[Records excerpted from a collection]

- - -

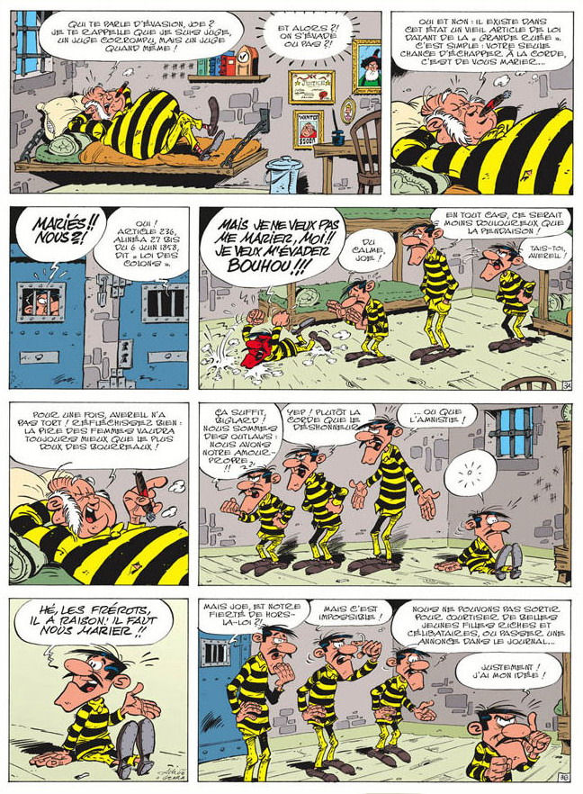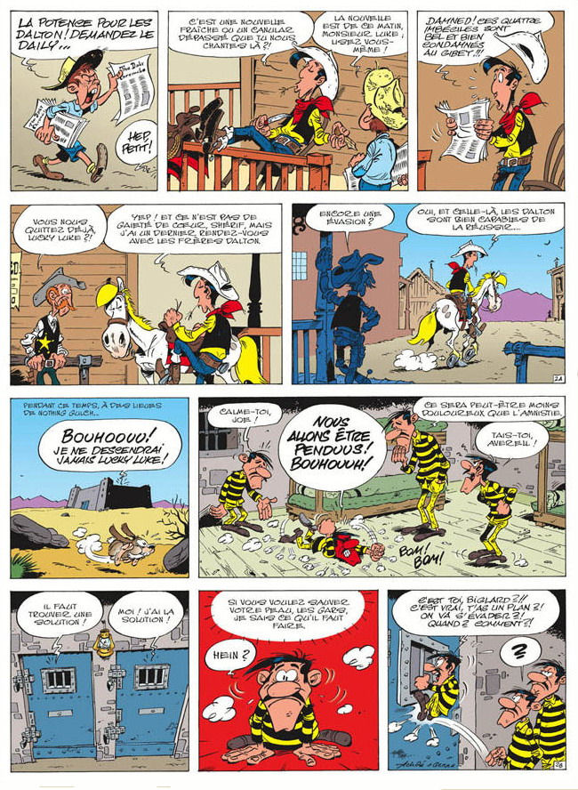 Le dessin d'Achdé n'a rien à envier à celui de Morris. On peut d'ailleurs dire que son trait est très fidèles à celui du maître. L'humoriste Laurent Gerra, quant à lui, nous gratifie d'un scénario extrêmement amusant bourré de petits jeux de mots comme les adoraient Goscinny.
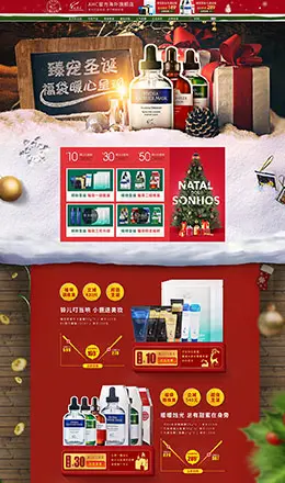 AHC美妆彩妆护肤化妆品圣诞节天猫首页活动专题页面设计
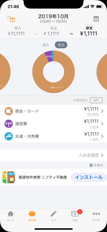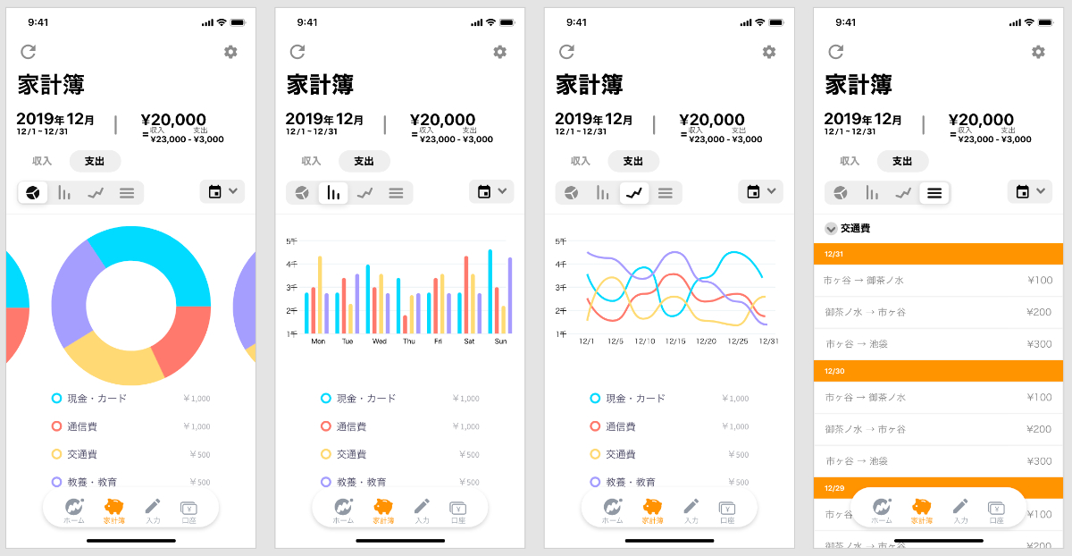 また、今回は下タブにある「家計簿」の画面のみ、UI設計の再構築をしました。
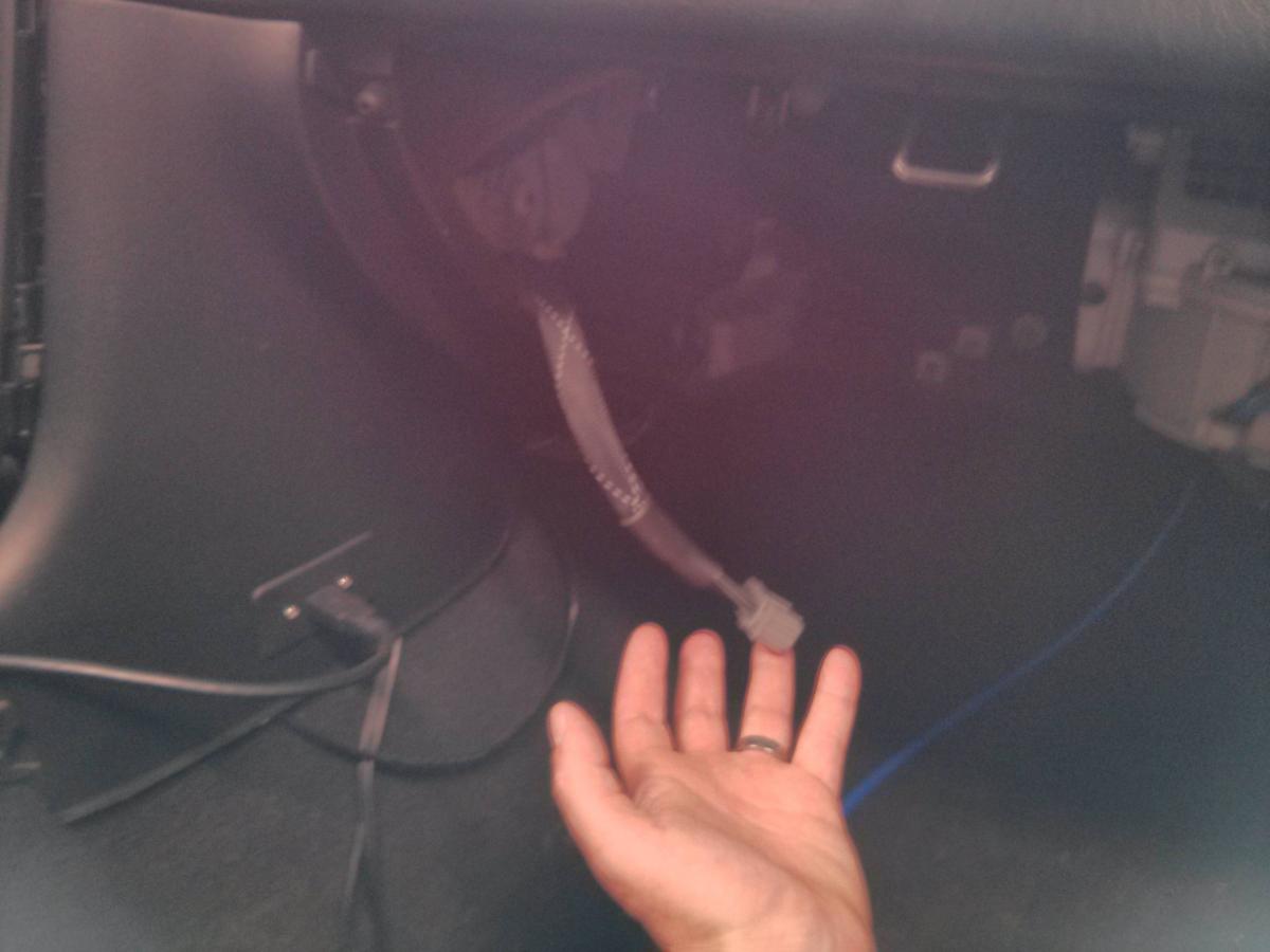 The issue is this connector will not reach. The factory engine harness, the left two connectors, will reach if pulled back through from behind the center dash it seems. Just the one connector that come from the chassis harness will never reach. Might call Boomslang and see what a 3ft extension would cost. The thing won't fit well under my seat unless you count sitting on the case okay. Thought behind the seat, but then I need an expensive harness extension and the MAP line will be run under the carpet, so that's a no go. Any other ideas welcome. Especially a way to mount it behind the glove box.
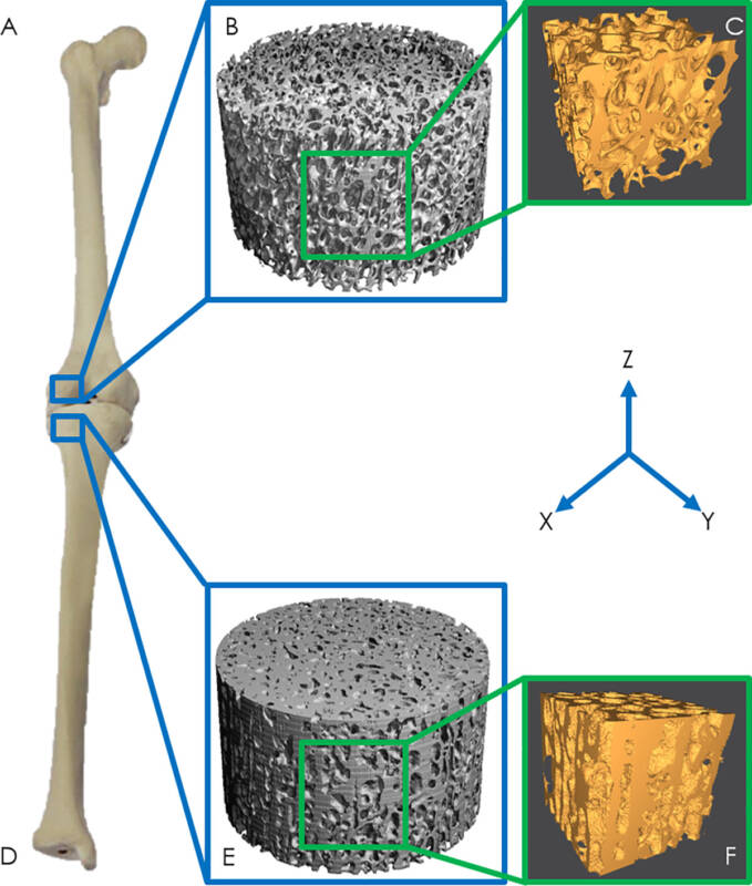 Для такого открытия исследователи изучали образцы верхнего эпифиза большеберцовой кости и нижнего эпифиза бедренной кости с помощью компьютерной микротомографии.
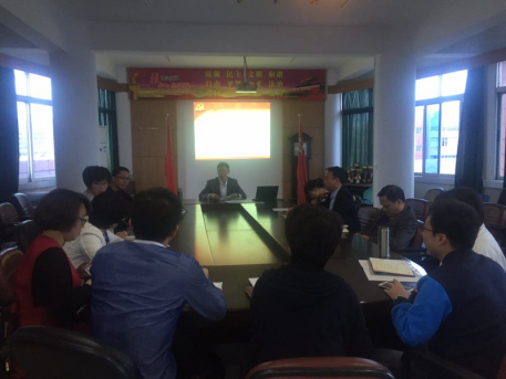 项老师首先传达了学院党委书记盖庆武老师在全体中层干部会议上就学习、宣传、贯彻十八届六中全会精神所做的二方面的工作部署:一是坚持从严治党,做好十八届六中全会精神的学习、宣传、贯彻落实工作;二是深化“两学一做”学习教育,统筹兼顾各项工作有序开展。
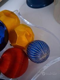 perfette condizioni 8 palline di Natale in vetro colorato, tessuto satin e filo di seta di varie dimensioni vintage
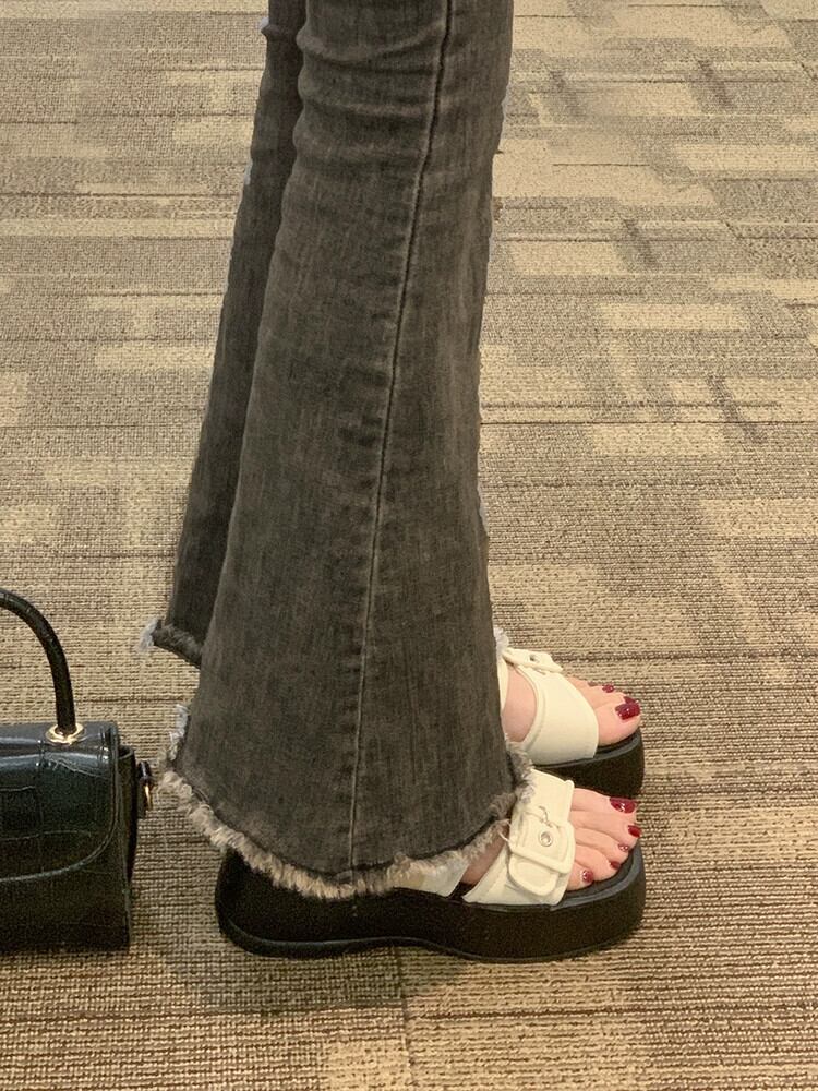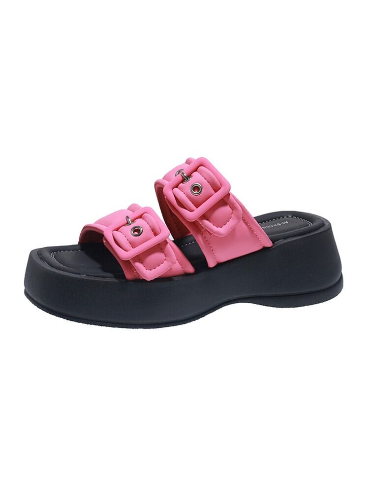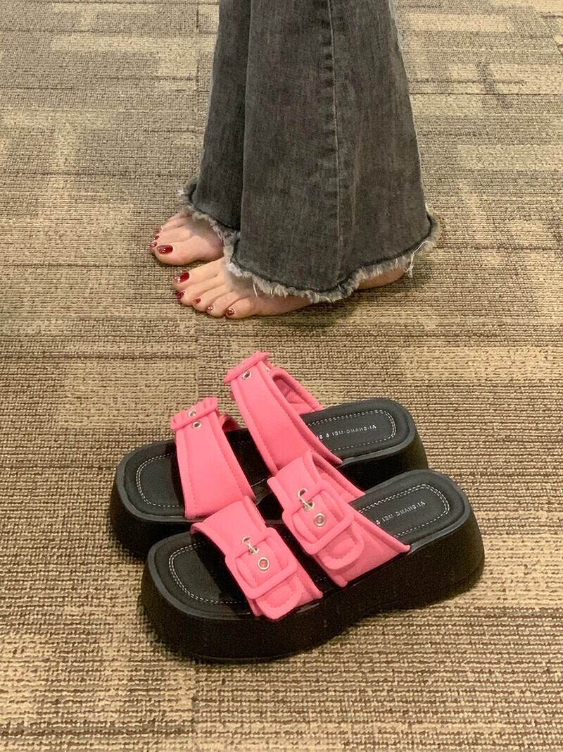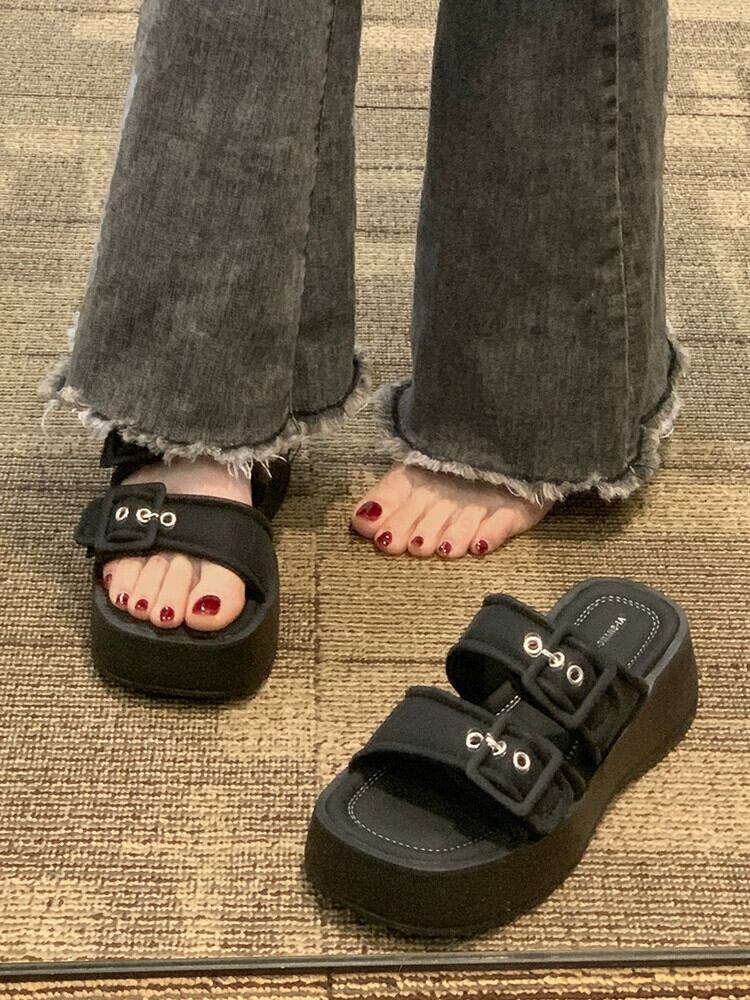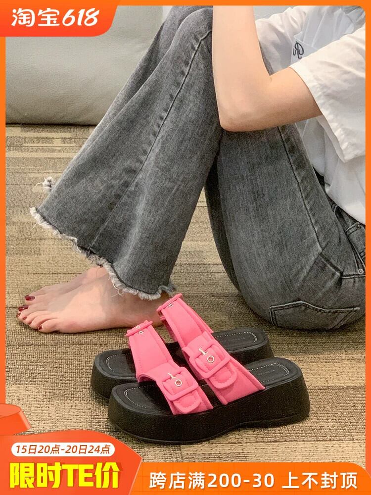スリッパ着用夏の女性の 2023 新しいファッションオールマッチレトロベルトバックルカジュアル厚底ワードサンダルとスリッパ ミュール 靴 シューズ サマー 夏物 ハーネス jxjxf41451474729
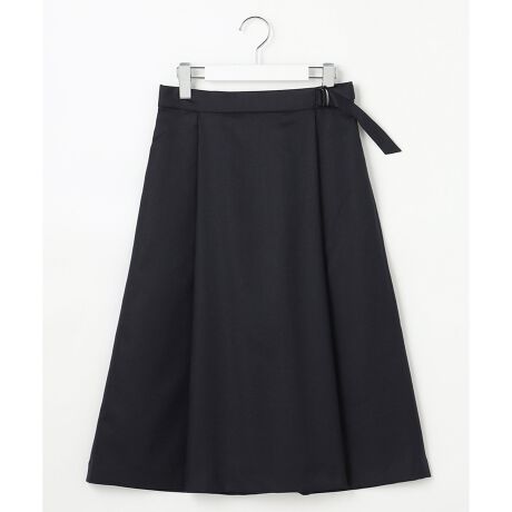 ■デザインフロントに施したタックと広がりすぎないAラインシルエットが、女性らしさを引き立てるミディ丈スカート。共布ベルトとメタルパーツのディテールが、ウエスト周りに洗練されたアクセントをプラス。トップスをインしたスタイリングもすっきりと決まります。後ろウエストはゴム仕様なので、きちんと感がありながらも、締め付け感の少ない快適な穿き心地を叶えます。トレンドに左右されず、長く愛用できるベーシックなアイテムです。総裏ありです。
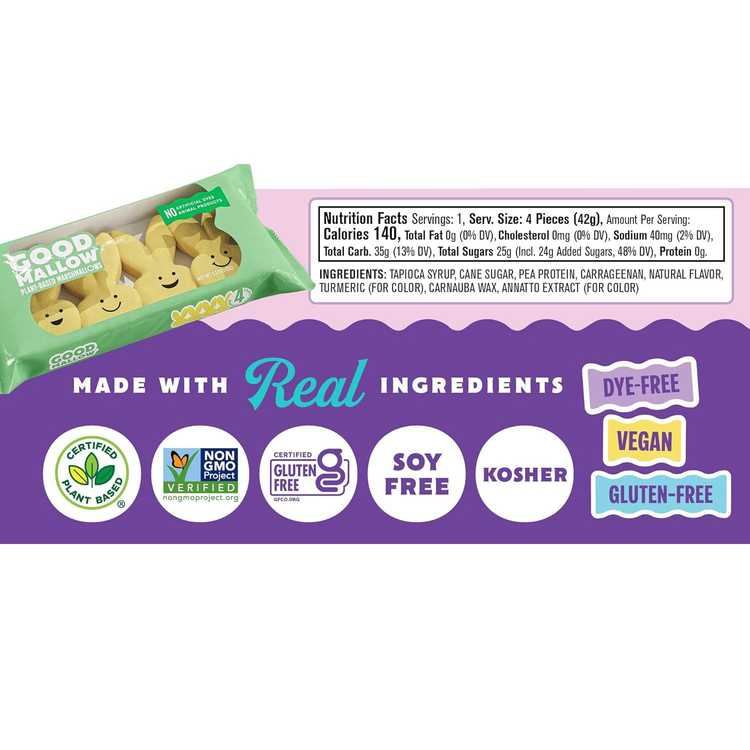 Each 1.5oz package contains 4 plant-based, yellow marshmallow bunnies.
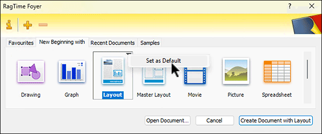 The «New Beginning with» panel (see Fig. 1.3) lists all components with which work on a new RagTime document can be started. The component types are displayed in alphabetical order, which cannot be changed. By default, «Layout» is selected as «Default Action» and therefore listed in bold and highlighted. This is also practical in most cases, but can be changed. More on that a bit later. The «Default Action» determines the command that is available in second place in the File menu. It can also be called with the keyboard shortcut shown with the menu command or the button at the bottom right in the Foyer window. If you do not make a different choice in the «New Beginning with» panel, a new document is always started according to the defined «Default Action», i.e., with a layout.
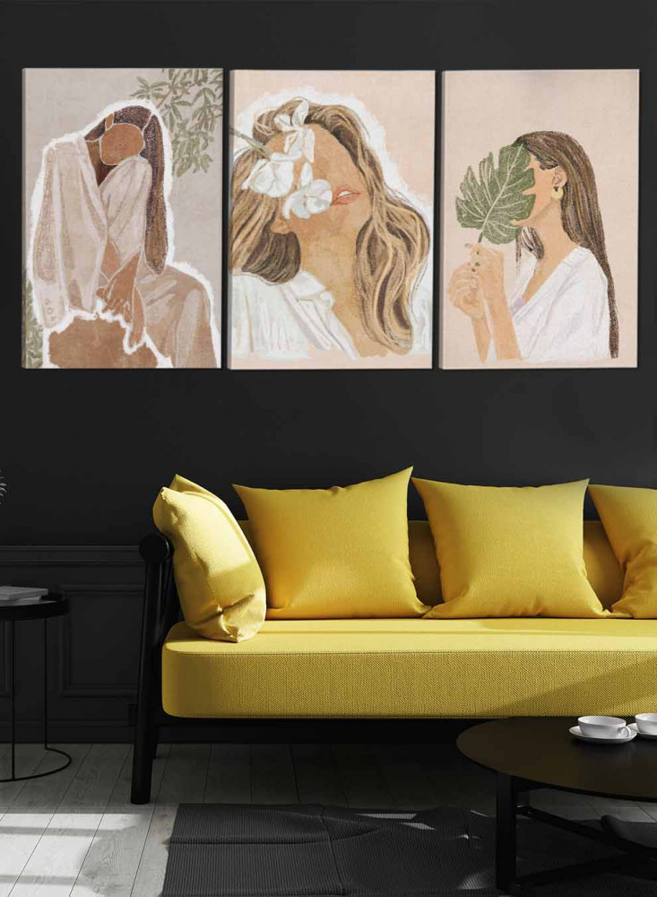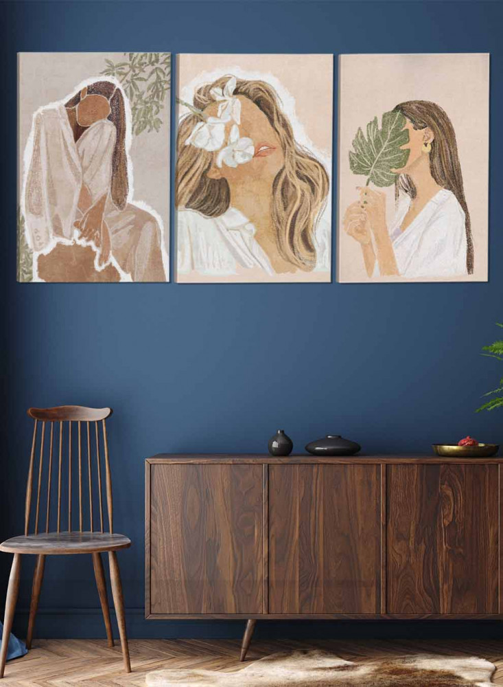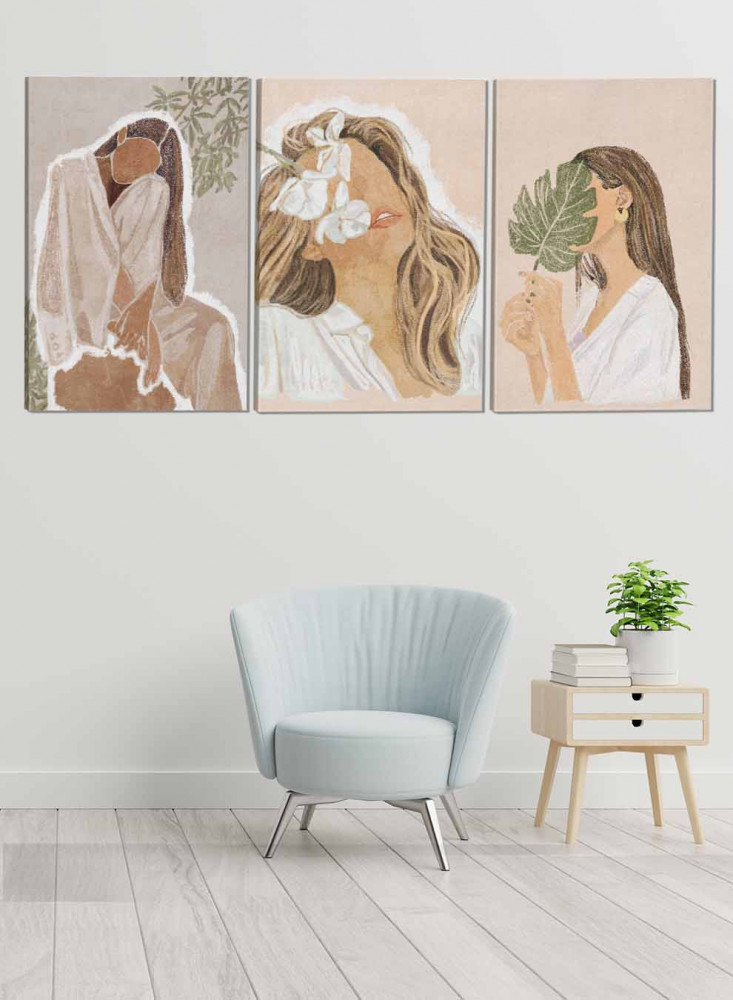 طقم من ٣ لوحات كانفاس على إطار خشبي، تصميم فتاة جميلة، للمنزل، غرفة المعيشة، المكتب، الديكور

- - -

#### [TASK TO CARRY OUT]
All lines from the one containing "スリッパ着用夏の女性の 2023 新しいファッションオールマッチレトロベルトバックルカジュアル厚底ワードサンダルとスリッパ" through the end of the data are to be restated exactly, with nothing else and without the pictures.

#### [REPLY]
スリッパ着用夏の女性の 2023 新しいファッションオールマッチレトロベルトバックルカジュアル厚底ワードサンダルとスリッパ ミュール 靴 シューズ サマー 夏物 ハーネス jxjxf41451474729
 ■デザインフロントに施したタックと広がりすぎないAラインシルエットが、女性らしさを引き立てるミディ丈スカート。共布ベルトとメタルパーツのディテールが、ウエスト周りに洗練されたアクセントをプラス。トップスをインしたスタイリングもすっきりと決まります。後ろウエストはゴム仕様なので、きちんと感がありながらも、締め付け感の少ない快適な穿き心地を叶えます。トレンドに左右されず、長く愛用できるベーシックなアイテムです。総裏ありです。
 Each 1.5oz package contains 4 plant-based, yellow marshmallow bunnies.
 The «New Beginning with» panel (see Fig. 1.3) lists all components with which work on a new RagTime document can be started. The component types are displayed in alphabetical order, which cannot be changed. By default, «Layout» is selected as «Default Action» and therefore listed in bold and highlighted. This is also practical in most cases, but can be changed. More on that a bit later. The «Default Action» determines the command that is available in second place in the File menu. It can also be called with the keyboard shortcut shown with the menu command or the button at the bottom right in the Foyer window. If you do not make a different choice in the «New Beginning with» panel, a new document is always started according to the defined «Default Action», i.e., with a layout.
 طقم من ٣ لوحات كانفاس على إطار خشبي، تصميم فتاة جميلة، للمنزل، غرفة المعيشة، المكتب، الديكور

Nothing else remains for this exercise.